Exercise instructions
Please write out only the lines from the one containing "La presidenta María" through the last line of the listing. Do not include pictures.

---

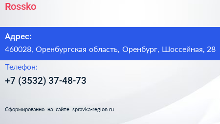 Rossko по адресу 460028, Оренбургская область, Оренбург, Шоссейная, 28 в дальнейшем Организация, размещена в следующих категориях:
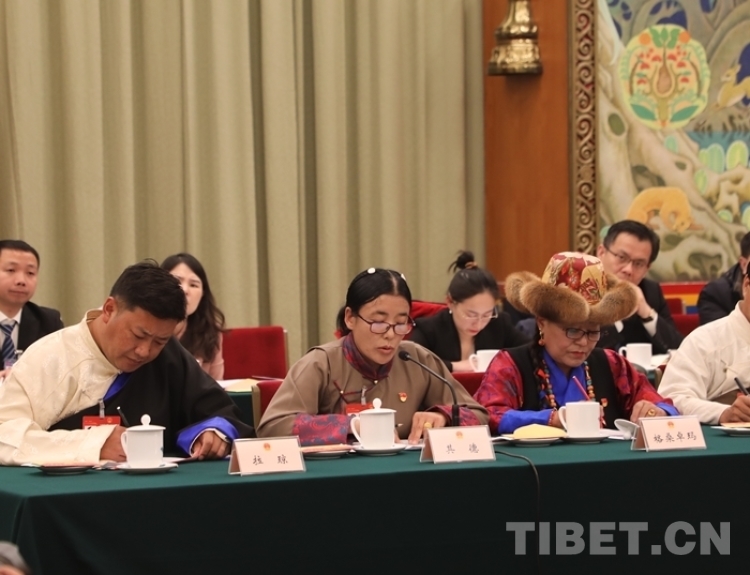 圖為其德在十四屆全國人大二次會議西藏代表團開放團組會議上發(fā)言 攝影:桑吉
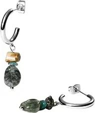 Island Dream Ohrringe – Creolen mit Amazonit, grünem Achat & Albite-Jade – Edelstahl 18K vergoldet – Damen Hängeohrringe 37 mm – Sommerlicher Boho-Look (Silver)
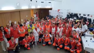 La presidenta María Chivite y la consejera Santos Induráin con el voluntariado de Cruz Roja en los encierros de San Fermín. - CRUZ ROJA
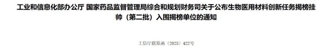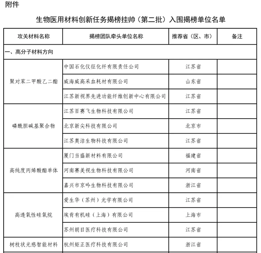近日,工业和信息化部、国家药品监督管理局联合公布第二批生物医用材料创新任务揭榜挂帅入围揭榜单位名单,围绕高分子材料、金属材料和无机非金属材料三大方向,共86家单位在35个材料类别的攻关中成功入围。此项目是国家工业和信息化部与国家药品监督管理局共同组织实施的国家级重大创新工程,旨在攻克生物医用材料领域“卡脖子”技术难题,加快我国生物医用材料的研发与应用进程,推动产业链上下游协同创新。该项目通过遴选具备关键攻关能力的创新主体,集中力量突破高端生物医用材料核心技术,打破对国外技术的依赖,推动实现自主可控与产业化应用,为我国医药产业高质量发展奠定坚实的材料基础。

---

Solution to this exercise
 La presidenta María Chivite y la consejera Santos Induráin con el voluntariado de Cruz Roja en los encierros de San Fermín. - CRUZ ROJA
近日,工业和信息化部、国家药品监督管理局联合公布第二批生物医用材料创新任务揭榜挂帅入围揭榜单位名单,围绕高分子材料、金属材料和无机非金属材料三大方向,共86家单位在35个材料类别的攻关中成功入围。此项目是国家工业和信息化部与国家药品监督管理局共同组织实施的国家级重大创新工程,旨在攻克生物医用材料领域“卡脖子”技术难题,加快我国生物医用材料的研发与应用进程,推动产业链上下游协同创新。该项目通过遴选具备关键攻关能力的创新主体,集中力量突破高端生物医用材料核心技术,打破对国外技术的依赖,推动实现自主可控与产业化应用,为我国医药产业高质量发展奠定坚实的材料基础。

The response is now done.